═════ Information shown ═════

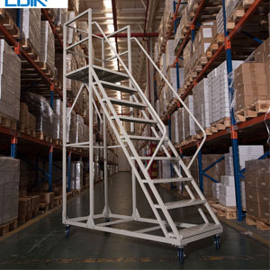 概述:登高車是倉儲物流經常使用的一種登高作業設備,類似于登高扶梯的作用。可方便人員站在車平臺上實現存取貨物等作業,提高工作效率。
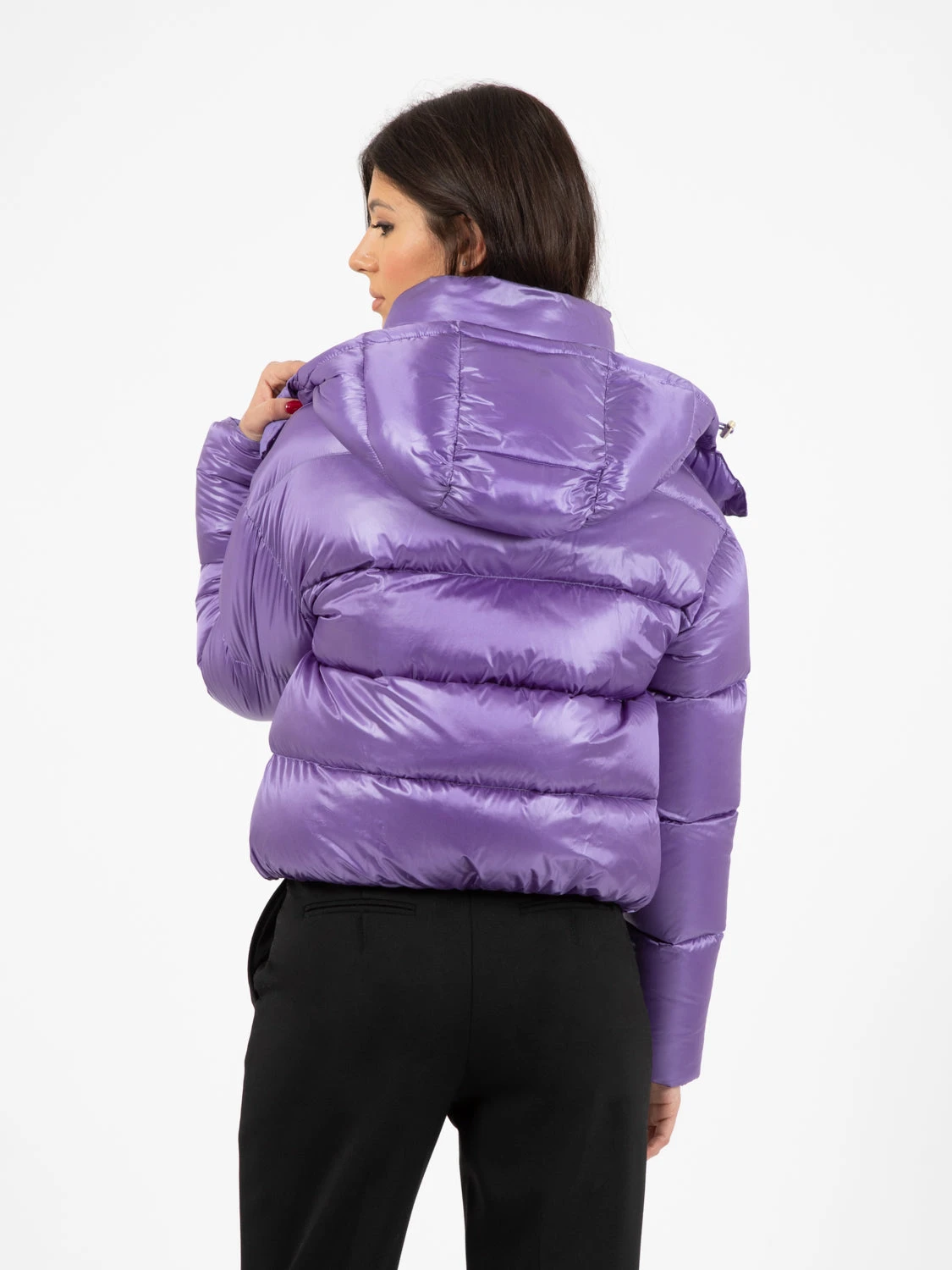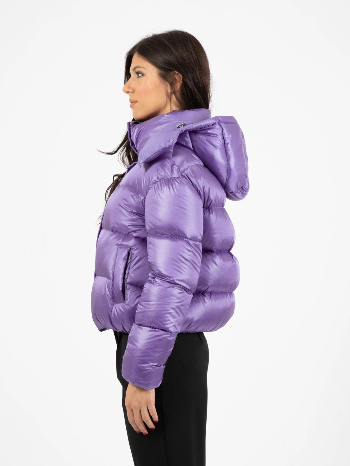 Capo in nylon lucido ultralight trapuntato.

═════
═════ Information shown ═════

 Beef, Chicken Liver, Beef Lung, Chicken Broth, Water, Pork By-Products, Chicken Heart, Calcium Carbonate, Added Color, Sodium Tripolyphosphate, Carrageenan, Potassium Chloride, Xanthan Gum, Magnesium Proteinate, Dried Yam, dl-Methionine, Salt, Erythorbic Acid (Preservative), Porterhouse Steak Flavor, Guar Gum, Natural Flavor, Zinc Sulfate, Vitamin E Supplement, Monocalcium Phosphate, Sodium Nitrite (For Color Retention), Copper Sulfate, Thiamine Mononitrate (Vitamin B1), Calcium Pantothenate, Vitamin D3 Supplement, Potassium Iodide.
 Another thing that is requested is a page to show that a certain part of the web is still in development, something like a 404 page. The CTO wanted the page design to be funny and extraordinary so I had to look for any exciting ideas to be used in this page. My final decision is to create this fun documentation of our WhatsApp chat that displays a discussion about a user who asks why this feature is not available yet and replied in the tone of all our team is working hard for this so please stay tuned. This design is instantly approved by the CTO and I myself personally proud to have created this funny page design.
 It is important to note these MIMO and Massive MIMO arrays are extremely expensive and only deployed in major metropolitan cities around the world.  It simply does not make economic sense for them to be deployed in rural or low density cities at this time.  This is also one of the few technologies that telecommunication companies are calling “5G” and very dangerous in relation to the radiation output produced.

═════

__Task__.
From the entries above, copy exactly the lines starting at the one with "概述:登高車是倉儲物流經常使" and stopping at the one with "Capo in nylon lucido ultralight trapuntato.", keeping both ends. Drop the pictures.

__Result of this exercise__.
 概述:登高車是倉儲物流經常使用的一種登高作業設備,類似于登高扶梯的作用。可方便人員站在車平臺上實現存取貨物等作業,提高工作效率。
 Capo in nylon lucido ultralight trapuntato.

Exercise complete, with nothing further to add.